#### [Required work]
Using the data below, print exactly the line with "mechanism is the", the line with "10月,北方普遍已經(jīn", and every line between them, but none of the pictures.

#### [Entries supplied]
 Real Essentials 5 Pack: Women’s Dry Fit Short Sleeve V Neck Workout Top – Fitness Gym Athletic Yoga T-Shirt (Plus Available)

...

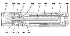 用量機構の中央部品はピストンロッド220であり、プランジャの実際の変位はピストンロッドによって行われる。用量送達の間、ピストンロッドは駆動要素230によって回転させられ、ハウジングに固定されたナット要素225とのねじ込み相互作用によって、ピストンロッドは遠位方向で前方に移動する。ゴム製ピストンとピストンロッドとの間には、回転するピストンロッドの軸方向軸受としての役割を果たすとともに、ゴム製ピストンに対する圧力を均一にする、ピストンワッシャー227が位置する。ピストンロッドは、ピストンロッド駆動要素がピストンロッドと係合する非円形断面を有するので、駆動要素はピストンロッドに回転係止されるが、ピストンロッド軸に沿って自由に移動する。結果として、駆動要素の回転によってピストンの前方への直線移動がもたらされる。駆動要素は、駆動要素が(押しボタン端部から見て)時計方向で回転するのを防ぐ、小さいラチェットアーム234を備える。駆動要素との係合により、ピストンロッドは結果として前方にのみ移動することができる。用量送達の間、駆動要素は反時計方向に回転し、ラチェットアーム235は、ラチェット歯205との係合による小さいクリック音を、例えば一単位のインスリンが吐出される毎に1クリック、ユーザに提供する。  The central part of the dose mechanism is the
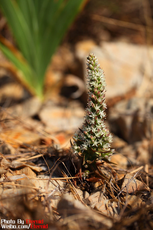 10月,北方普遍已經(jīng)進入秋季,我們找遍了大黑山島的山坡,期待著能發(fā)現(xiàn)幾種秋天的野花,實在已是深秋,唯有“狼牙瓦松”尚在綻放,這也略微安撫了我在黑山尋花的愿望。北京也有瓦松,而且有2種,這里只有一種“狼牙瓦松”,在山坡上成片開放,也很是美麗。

#### [Result for this task]
 用量機構の中央部品はピストンロッド220であり、プランジャの実際の変位はピストンロッドによって行われる。用量送達の間、ピストンロッドは駆動要素230によって回転させられ、ハウジングに固定されたナット要素225とのねじ込み相互作用によって、ピストンロッドは遠位方向で前方に移動する。ゴム製ピストンとピストンロッドとの間には、回転するピストンロッドの軸方向軸受としての役割を果たすとともに、ゴム製ピストンに対する圧力を均一にする、ピストンワッシャー227が位置する。ピストンロッドは、ピストンロッド駆動要素がピストンロッドと係合する非円形断面を有するので、駆動要素はピストンロッドに回転係止されるが、ピストンロッド軸に沿って自由に移動する。結果として、駆動要素の回転によってピストンの前方への直線移動がもたらされる。駆動要素は、駆動要素が(押しボタン端部から見て)時計方向で回転するのを防ぐ、小さいラチェットアーム234を備える。駆動要素との係合により、ピストンロッドは結果として前方にのみ移動することができる。用量送達の間、駆動要素は反時計方向に回転し、ラチェットアーム235は、ラチェット歯205との係合による小さいクリック音を、例えば一単位のインスリンが吐出される毎に1クリック、ユーザに提供する。  The central part of the dose mechanism is the
 10月,北方普遍已經(jīng)進入秋季,我們找遍了大黑山島的山坡,期待著能發(fā)現(xiàn)幾種秋天的野花,實在已是深秋,唯有“狼牙瓦松”尚在綻放,這也略微安撫了我在黑山尋花的愿望。北京也有瓦松,而且有2種,這里只有一種“狼牙瓦松”,在山坡上成片開放,也很是美麗。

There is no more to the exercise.